Thanks for all of your ideas. I was definitely typing in the heat of the (ongoing...and going...and going) moment and needed to vent. i know spanking and yelling isn't going to solve anything. but sometimes...you just get so fed up.
my husband and i just had a long chat, and much of it was centered around our expectations. My father said something interesting to me the other day, which was that anger/frustration is something that arises out of expectations. And i now see that much of my anger has to do with my expectations in two areas:
1. Her emotional/behavioral development
2. My needs/wants
We do sleep in a family bed. she has a room with a bed in it with her stuff, but doesn't sleep there much. The kids are about 2.75 years apart. we are lucky that the baby does not wake her up, even when he cries. She just sleeps though it. the problem lately is that he is going to bed at 7pm sharp because that is just when he is out. he is so easy to get to sleep, its not even funny. when this happens, she gets read to in her bed instead of ours so as to not wake the baby. often, lately, she has said she wants to stay and sleep in her own bed at that point. its much easier to just do it in our bed, but i just lay with her in her bed and say "lets go to sleep." when we go to lay down (she does think that i go to bed with her every night) regardless of where it is, she starts up with the "i don't want to go to bed" and gets up and tries to leave. my husband and i have initiated a plan for future bedtimes. we have been trying to get her to go to bed early, and when we do this (like tonight at 6:45 because she was really tired, but also more because we wanted "our time" to ourselves) she resists going to sleep even more. when she gets up at 7pm and says "im not tired. i don't want to go to bed" maybe...maybe she isnt? i know its likely that she is, but if she says this at 9pm, its less likely to be true and she is also less likely to fight. if you could have seen the fight tonight--its hard to believe a very, very tired child could put up such a fight. anyway, so our new plan is this: no more trying to get her to bed before 8pm. at 8, we start the bedtime routene (yes, we have a long one that involves lots of books, telling stories, back rubs, etc.) and if, after stories, she persists in the "i dont want to go to bed" thing, my husband will play memory game or hi-ho cherry-o or something with her in bed. we'll just work on keeping her calm, relaxed and in bed until she is ready to fall asleep. the fight is just so not worth it. i totally lost my S**T tonight in the worst way. like...out of control parent. it is the worst thing in the world to look back and say "i was OUT OF CONTROL". we ask them to 'use their words' and all that, and then we have tantrums, totally lose it, too. i don't know how i can expect her to not freak out, when i do it..

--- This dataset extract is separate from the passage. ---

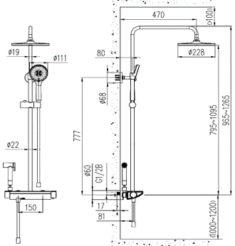 | Диаметр верхнего душа | Ø228мм | |

i put sleepless in america on my hold list for the library.
so anyway, back to the expectations. i have been angry at her for several things, which are just totally unrealistic expectations on my part. for example, expecting her to not be totally selfish. why would i expect that of a 3 year old? also, expecting her to understand my feelings. again, why? expecting her to understand various things a 3 year old cant, such as patience, time, delaying gratification, controlling her emotions, asking her to explain behavior, etc. an example is today my dad let her play with a porcelain doll that my grandma made. not wanting to instigate a tantrum, i let her play with it gently. when i told her that she couldn't take it outside, she got mad and threw it on the floor and broke part of it. so i was upset. but i was totally unrealistic in several ways. 1)i should have just taken it away immediately. she should not have been playing with it. period. 2)she probably wasn't trying to break it. she threw it down because she was mad that i wouldn't let her take it outside, and it broke. 3)getting mad when she didn't understand why i was sad/upset about it. 4)staying mad when she wouldn't apologize
all of these things are founded on totally unrealistic expectations: that she understands that porcelain can break (even when i explained it was fragile); understands that other people have feelings just like hers (and that what she experiences are "feelings"); understands the idea of a sentimental item with family significance; understands that some 'toys' are not for playing with; can empathize with my feelings; can actually feel "sorry" about something (especially when she totally doesn't understand it); can feel regret/remorse, especially in regards to "making" someone else feel something (especially since she doesn't understand that she can make someone feel a certain way, or that other people do feel.) i see now that i need to lower the bar. waaaaaaaaaaaaaaaaaay lower. lower it so low that i can't be frustrated because what i expect is realistic. if she is whining at me, i'm not frustrated because that is just What Three Year Olds Do. not getting frustrated when she has a tantrum about getting her way, because that is Just What Three Year Olds Do. i can feel frustrated, but it wont be as bad because i won't be compounding it in my mind asking "why doesn't she care about what I feel?!" or "she is so selfish!" or other silly unrealistic things.
i also need to adjust my expectations about my own desires and getting what i want (for example, getting to watch a movie only made me madder when she wouldn't go to bed tonight). and just realizing that this season of raising really young children will pass, and i will have more me time in the future.
so that's about it...the baby is crying. i will try to write more tomorrow.